A entidade recomenda o uso de toda e qualquer solução que possa reduzir a carga térmica e combater as ilhas de calor, tais como: telhados frios, tetos verdes, isolamento térmico de telhado, arborização urbana, pavimentos frios etc. E que o uso de qualquer técnica seja promovido no mercado brasileiro por seus reais benefícios.

O CBCS avalia também que a adoção de qualquer alternativa precisa ser feita a partir de pesquisas sistemáticas capazes de gerar normalização que proteja a sociedade de soluções inadequadas, seja pelo baixo desempenho, pela curta durabilidade ou pelo elevado impacto ambiental, entre outros aspectos.

Organização criada em 2007 para articular lideranças empresariais, pesquisadores, consultores, profissionais atuantes e formadores de opinião e induzir o setor da construção a utilizar práticas mais sustentáveis, o CBCS se debruçou sobre o referido PL, estudou o assunto e pesquisou alternativas para chegar a essa conclusão.

Vale ressaltar que é louvável a preocupação com a questão climática na capital paulista, notadamente com o fenômeno das “ilhas de calor”, locais que apresentam temperaturas mais altas na cidade, em razão da grande concentração de asfalto e concreto. A diferença de temperatura entre o centro da capital e as áreas periféricas chega a ser de 10 graus Celsius, segundo levantamento da Secretaria Municipal de Meio Ambiente, que realizou mapeamento térmico da cidade com apoio do Instituto Oceanográfico da Universidade de São Paulo (USP).

Esse fenômeno aumenta o desconforto térmico das pessoas, pois, mesmo à noite, a temperatura não baixa. Com isso, sobem também os custos de climatização de residências e edifícios comerciais, aumentando ainda mais o consumo de energia.

É preciso enfrentar essa situação, mas obrigar a adotar uma única alternativa – no caso, pintar o telhado de branco – não resolve e o CBCS enumera as seguintes razões:

• Descaracterização de conjuntos históricos;

• Ofuscamento e desconforto visual para ocupantes de edifícios vizinhos, aviões e helicópteros;

• Rápida perda da capacidade reflexiva da superfície pintada com tintas convencionais, pelas características do clima brasileiro. No verão, há muito calor e muita chuva; a tinta acaba sendo levada pelas águas e a pintura precisa ser refeita constantemente, causando impactos ambientais que reduzem os benefícios, bem como a colonização por fungos e outros microorganismos com pigmentos escuros.

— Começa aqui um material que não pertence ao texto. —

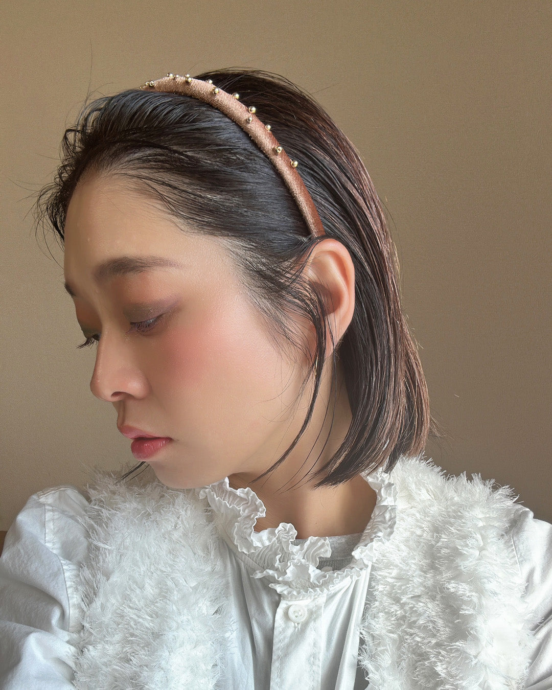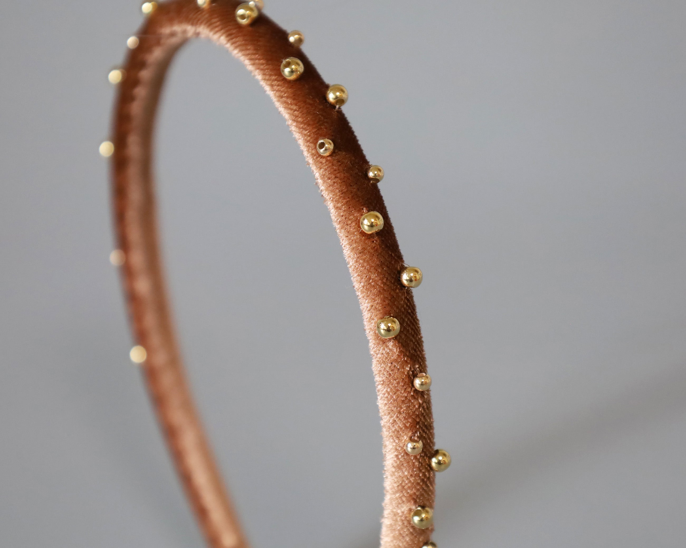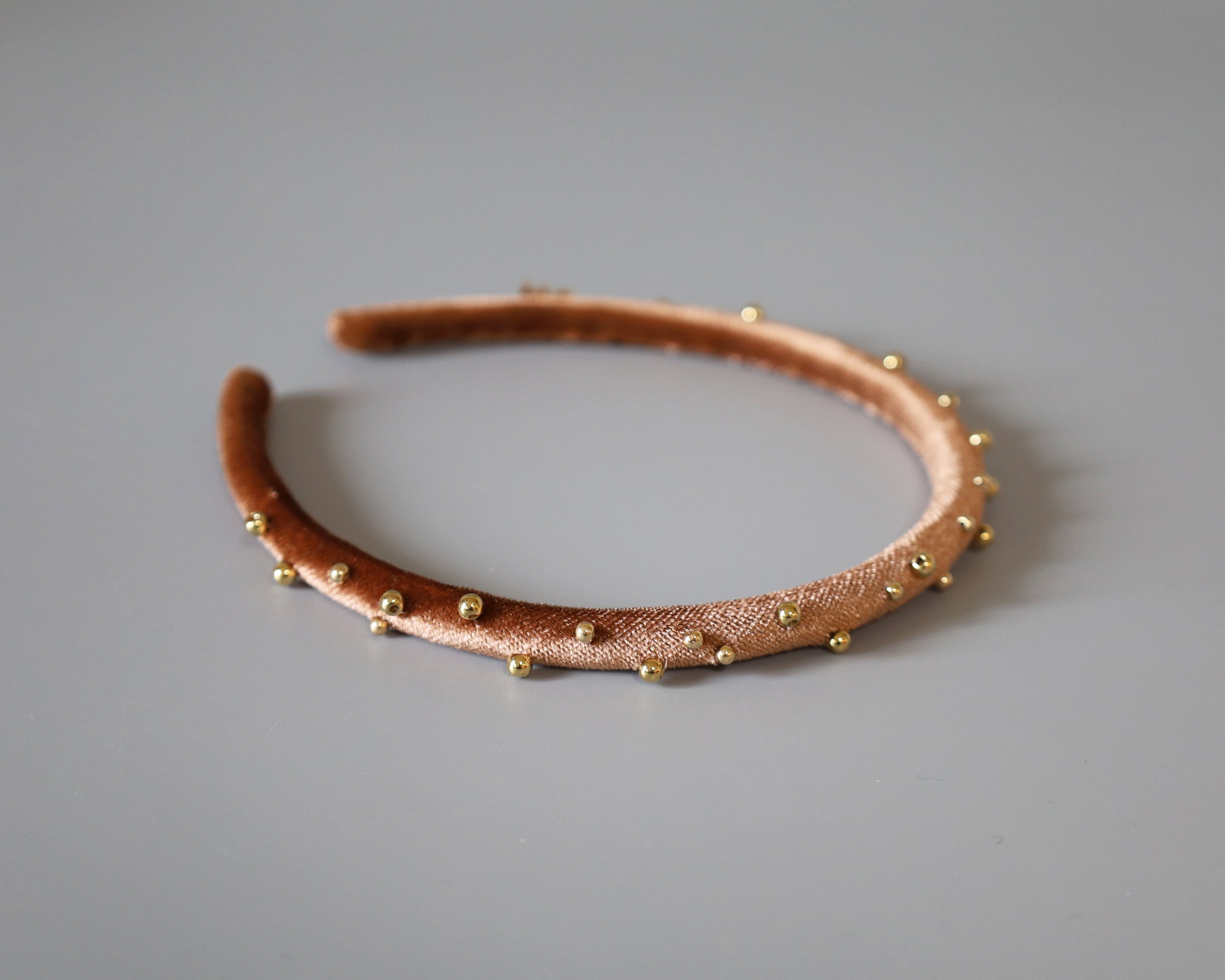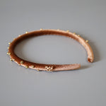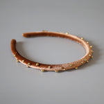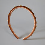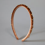 軽やかなブラウンカラーにゴールドのビーズを散りばめたカチューシャ。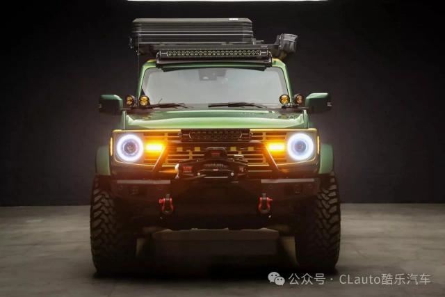 尽管普通的 Bronco 虽然越野能力已经很出色了,但是这个已经改装过了。 Bronco 将更出色。Galpin 前后为它安装 Body Armor 钢制保险杆,新的牛头杠,Warn VR Evo 12s 绞盘和 LED 灯条。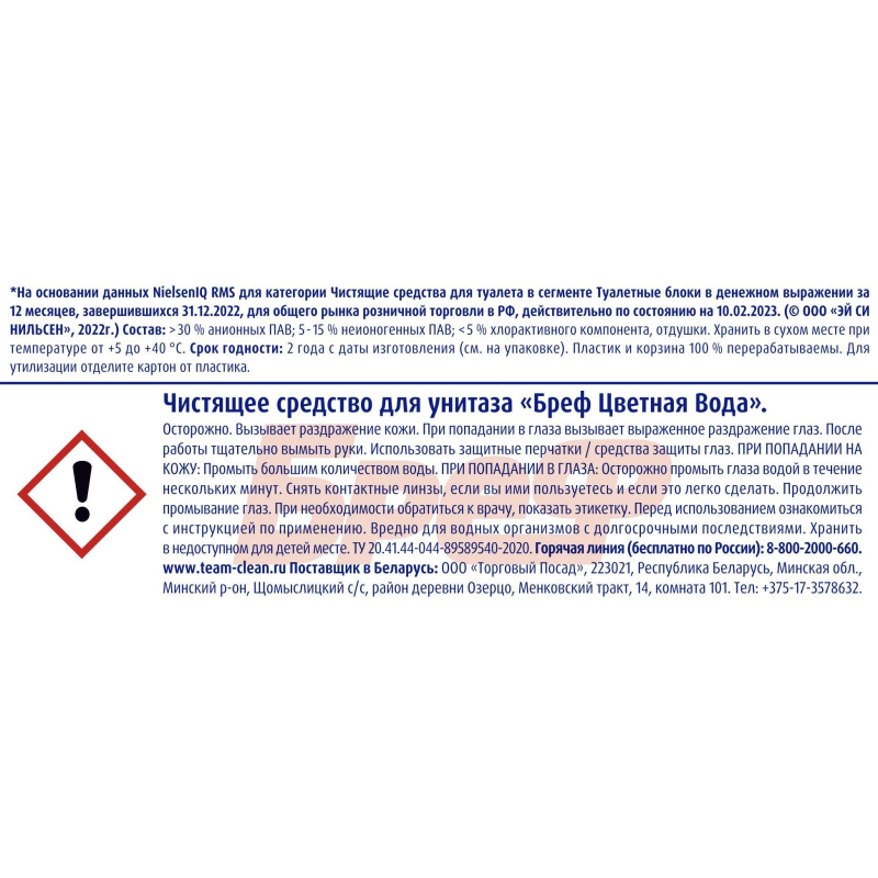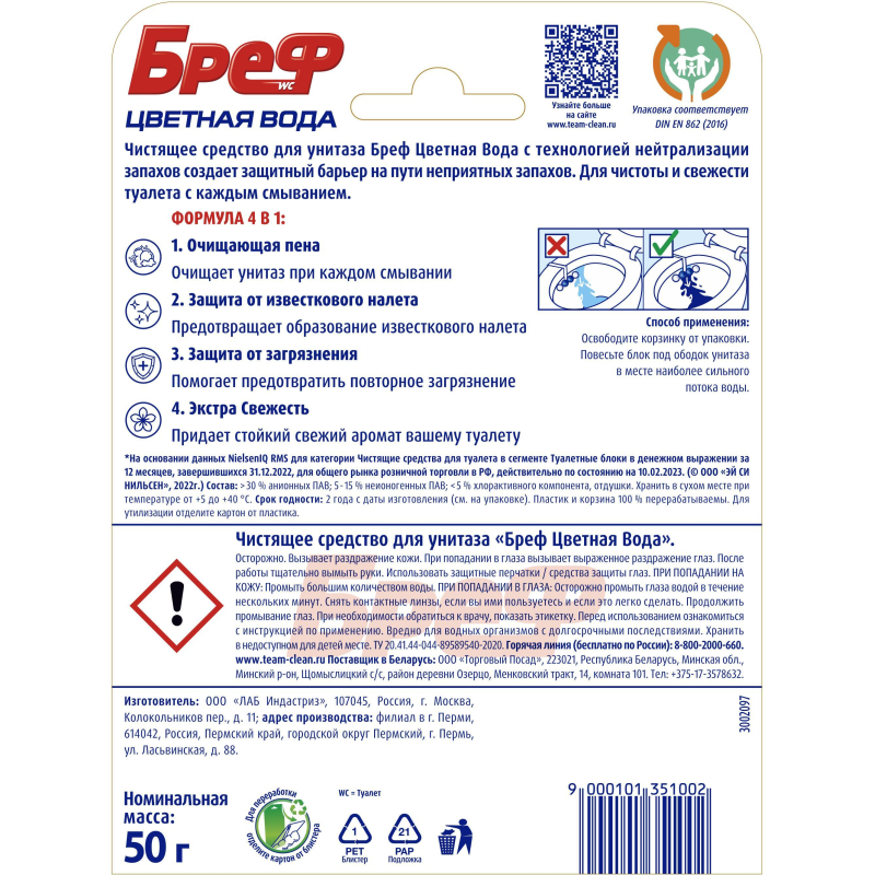 Блок для унитаза гигиенический Бреф Колор-Актив С хлор-компонентом Назначение Чистящее средство для унитаза Bref Color Aktiv. Способ применения Освободите корзинку от упаковки. Повесьте Bref под ободок унитаза. Меры предосторожности Вызывает раздражение кожи. При попадании в глаза вызывает серьезное раздражение глаз. После работы тщательно вымыть руки. Использовать защитные перчатки/средства защиты глаз. При попадании в глаза: Осторожно промыть глаза водой в течение нескольких минут. Снять контактные линзы, если Вы ими пользуетесь и если это легко сделать. Продолжить промывание глаз. При необходимости обратиться к врачу, показать этикетку. При попадании на кожу: промыть большим количеством воды. При попадании цветной воды на сиденье для унитаза или другие поверхности, немедленно смыть водой. Состав >30 % солей неорганических, анионных ПАВ; <5 % красителя, комплексообразователя, хлорактивного компонента растворителя, отдушки (в т. ч. лимонена. бутилфенил метилпропионаля, линалоола). ГОСТ/ТУ Нет. Условия хранения Хранить в сухом месте от 5 °С до 40 °С. Хранить в недоступном для детей месте. Перед использованием ознакомиться с информацией по применению. Вредно для водных организмов с долгосрочными последствиями. Срок годности 2 года.

• Falta de referenciais, no Brasil, a respeito do desempenho e da durabilidade dos produtos nas várias condições climáticas do país. As certificadoras internacionais exigem três anos de envelhecimento natural no clima da região em que o produto será utilizado.

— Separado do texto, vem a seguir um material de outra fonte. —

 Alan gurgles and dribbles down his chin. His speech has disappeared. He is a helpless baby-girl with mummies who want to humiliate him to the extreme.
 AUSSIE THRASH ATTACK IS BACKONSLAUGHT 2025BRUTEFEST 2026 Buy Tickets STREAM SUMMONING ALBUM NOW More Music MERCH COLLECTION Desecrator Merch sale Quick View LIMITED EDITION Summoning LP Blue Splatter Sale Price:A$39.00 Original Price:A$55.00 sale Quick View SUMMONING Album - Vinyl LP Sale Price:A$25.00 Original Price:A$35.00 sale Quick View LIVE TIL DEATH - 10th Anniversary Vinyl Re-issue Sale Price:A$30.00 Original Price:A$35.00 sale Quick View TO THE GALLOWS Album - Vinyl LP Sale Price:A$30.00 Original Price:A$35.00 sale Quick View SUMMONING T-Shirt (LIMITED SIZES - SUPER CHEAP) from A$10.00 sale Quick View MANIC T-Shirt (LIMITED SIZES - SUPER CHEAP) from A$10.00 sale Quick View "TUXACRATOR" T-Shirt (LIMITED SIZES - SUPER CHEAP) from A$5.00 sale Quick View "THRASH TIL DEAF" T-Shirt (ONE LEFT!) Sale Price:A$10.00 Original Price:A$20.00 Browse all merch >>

• Alto risco nas operações de limpeza e manutenção dos telhados, que precisam ser periódicas. Ao contrário de outros países, no Brasil a quase totalidade dos telhados é inclinada, sem acesso adequado e com telhas de cerâmica ou fibrocimento, que podem quebrar sob o peso de uma pessoa caminhando.

Diante disso, o CBCS propõe as seguintes alternativas:

• O uso de materiais “frios”, capazes de refletir parte significativa da radiação sobre os telhados, fachadas e pavimentos em climas quentes, é uma alternativa para melhorar o conforto térmico nas edificações e diminuir o consumo de energia. Telhas de alumínio ou galvanizadas, películas com barreiras de radiação, isolantes térmicos e dispositivos de sombreamento reduzem o calor nas edificações, embora não tragam benefícios urbanos.

• O “telhado verde”, ou seja, o uso de vegetação em telhados, fachadas e ruas, reduz o calor e traz ganhos para a cidade. Produz sombra e evaporação, tornando o ar mais úmido, retém água da chuva, contribuindo para diminuir as enchentes, e aumenta a biodiversidade.

• O estabelecimento de políticas públicas que promovam a arborização urbana trariam enormes benefícios no curto e no longo prazo. Enfrentar as conseqüências do aquecimento global exige proatividade. Mas esta de maneira alguma deve ser confundida com precipitação ou pressa. Qualquer nova tecnologia ou solução precisa estar calcada em estudos e pesquisas exaustivos. Caso contrário, em vez de resolver, trará mais prejuízos ambientais, sociais e econômicos.